Dir: Nicolas Wrathhall; USA2013, 89 min
Like many critics of the capitalist system, Gore Vidal, who died last year age 86, came from a very privileged background: his father Eugene Vidal was working for the Roosevelt administration in aviation (he had an affair with Amelia Earhart), his grandfather Thomas Gore was Senator for Oklahoma.
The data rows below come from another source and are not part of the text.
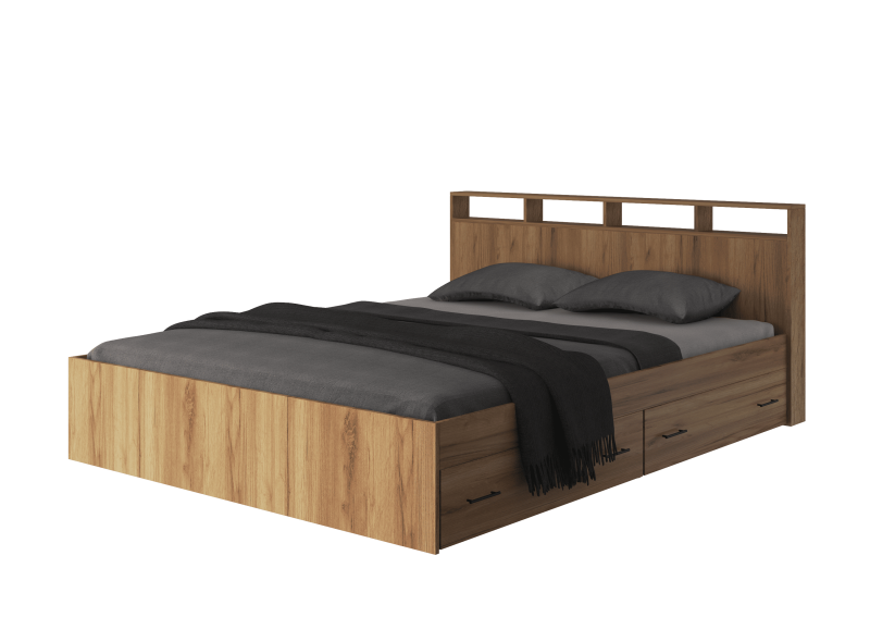 Прочная конструкция . Кровать выполнена из высококачественного ЛДСП, обладает прочным каркасом и оснащена надежной фурнитурой. Всё это гарантирует прочность и долговечность конструкции.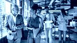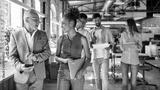 Before meeting. Two business experts discussing something while walking with colleagues through the office corridor
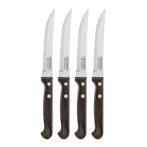 Tramontina Biffkniv 4-pack polywood är ett knivset med blad i rostfritt stål och handtag i behandlat polywood. Utformat för precis och effektiv skärning av kött.

Archive footage showing the young Gore in a plane with his father, declaring on embarking “that it is easier to fly a plane than a car”. His mother Nina married later into the Kennedy clan, the older Gore Vidal would be a friend of the future president, running (unsuccessfully) for congress in 1960. In the early 60s Vidal travelled with Tennessee Williams through Italy, where he would later settle for over 20 years in Ravello.
As a (prolific) writer, Vidal was to fall foul of the literary establishment early on with his novel “The City and the Pillar (1948), because of his open description of homosexual sex. The New York Times literary section blacklisted his books. In the 50s he wrote many important TV plays, like “The Best Man”, starring Henry Fonda. His reworking of the film script for Ben Hur (1959) included a subtle homosexual plot, which director William Whyler had to hide from Charlton Heston, playing the title role.
Vidal was bi-sexual, he had an affair with Anais Nin, and was engaged for a short time to the actress Joanne Woodward, who later married Paul Newman. For most of his adult life Vidal lived with his companion Howard Auster, who died in 2003; it was a true friendship, because for Vidal “sex destroys relationships, because either one looses interest in the other”. His novel “Myra Breckinridge” (1968) caused a scandal because it discussed transgender issues; it was filmed in 1970 by Michael Sarne with Mae West.
Vidal was not only critical of the system, but equally so of the politicians who run it. Asked about JFK, Vidal calls him “a most ineffectual president, in his thousand days in office he invaded two countries: Cuba and Vietnam”. Vidal’s political novels like “Burr” and “Washington DC” show the political classes, from the founding fathers onwards, as corrupt and only interested in property: Washington, a general who never won a battle, becoming rich whilst in office. Vidal’s criticism was never dull, he was witty and funny as well as angry. About Reagan he said “the establishment decided that it was easiest to have the best cue card reader as president, so they choose Reagan. But then his house burned down, and his whole library was destroyed – all two books. But the worst was, that he had only coloured in one book”. All his life, Vidal was on committee’s fighting those in power, like the campaign to remove President Bush jr. from office for war crimes.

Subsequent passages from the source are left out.